Immutable Code in Unison

Surprisingly good things happen if your language doesn’t let you change the code you write.

Published

February 26, 2023

I’m going to show you some magic, and then reveal how it is done.

To do that, I’m going to use the Unison programming language, which enforces both immutable data and immutable code.1

This is a long post: I promise it’s worth reading it all. By the end, you’ll see why immutable code has the potential to fix both dependency hell and software distribution: no more package managers, no more builders/bundlers, and no more complex deployment.

Before we start, there are two things you need to know:

  1. Unison function definitions are like Haskell’s. Here’s a function that multiplies two natural numbers:2

    Unison
    times: Nat -> Nat -> Nat
    times a b = a * b

    The first line is the type signature: times takes a natural number (Nat), then another Nat, and returns a Nat.

    The second line is the definition: the function has two parameters, a and b, shown to the left of the equals sign, and a body, to the right. The value of the function when called is the value of the body.

  2. Unison doesn’t use (long lived) source files. Instead, it manages all your code itself inside a namespaced repository.3 Your interface to this repository is the ucm4 command.

    In normal use, you cd into some temporary, empty, directory and run the ucm command. In another window, you use your favorite editor to create Unison source files in that same directory. When you save a file, ucm compiles its contents and shows you the functions it found. It also runs any tests you’ve defined. If you’re happy, you can add the function to (or update the function in) the Unison code repository.

In the magic show that follows, you’ll see ucm sessions along with Unison source code that I entered into my editor. I’ll label these blocks with UCM or Unison for clarity.

Abracadabra

We start in ucm, where we create a namespace and import the standard library into it.

UCM
.> cd magic
.magic> fork .base lib.base
    Done.

Now, in the editor, we’ll create a function that adds its arguments.

Unison
add: Nat -> Nat -> Nat
add a b = a + b

test> add.test = check (add 3 4 == 7)

The last line defines a test (which becomes its own function). We bind it to the name add.test.

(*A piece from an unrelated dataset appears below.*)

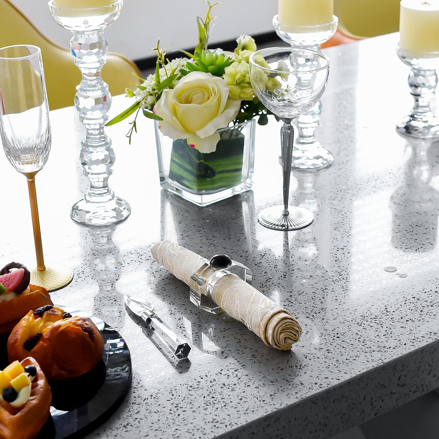 - Work for Any Occasion: Perfect for wedding, dinner party, tea party, bridal shower, special occasions celebration, romantic candlelit banquet, holiday party decor.Ideal crystal napkin rings for home kitchen, hotel and restaurant.

This isn’t necessary, but it makes it easier to see what’s going on.

We save the source, and the ucm window bursts into life:

UCM
    ⍟ These new definitions are ok to `add`:
    
      add : Nat -> Nat -> Nat
      add.tests : [Result]

  Now evaluating any watch expressions (lines starting with `>`)...

    4 | test> add.tests = check (sum 3 4 == 7)
    
    ✅ Passed : Proved.

Ucm now has local copies of our add and add.tests functions.

We’ll add these two functions to the repository:

UCM
.magic> add 
  ⍟ I've added these definitions:
    add : Nat -> Nat -> Nat
    add.tests: : [Result]

Back in our editor we’ll define two new functions, square and sumSquare, along with a couple of tests.

Unison
square: Nat -> Nat
square a = a * a

test> square.tests = check (square 3 == 9)

sumSquare : Nat -> Nat -> Nat
sumSquare a b = add (square a) (square b)

test> sumSquare.tests = check (sumSquare 3 4 == 25)

Save it, and ucm reports:

UCM
   ⍟ These new definitions are ok to `add`:
    
      square          : Nat -> Nat
      square.tests    : [Result]
      sumSquare       : Nat -> Nat -> Nat
      sumSquare.tests : [Result]
  
    4 | test> square.tests = check (square 3 == 9)
    ✅ Passed : Proved. (cached)
  
    9 | test> sumSquare.tests = check (sumSquare 3 4 == 25)
    ✅ Passed : Proved. (cached)

Add square and sumSquare to the repository (along with their tests).

UCM
.magic> add

  ⍟ I've added these definitions:
  
    square : Nat -> Nat
    sumSquare  : Nat -> Nat -> Nat

At this point, feel free to exit your editor and delete the scratch source file. Honest.

Back in ucm, we can prove that our source is still safely stored, and that the tests still pass:

UCM
.magic> view sumSquare

  sumSquare : Nat -> Nat -> Nat
  sumSquare a b = add (square a) (square b)

.magic> test

  ◉ square.tests     : Proved.
  ◉ add.tests        : Proved.
  ◉ sumSquare.tests : Proved.
  
  ✅ 3 test(s) passing

It looks like our code is safely tucked away inside Unison.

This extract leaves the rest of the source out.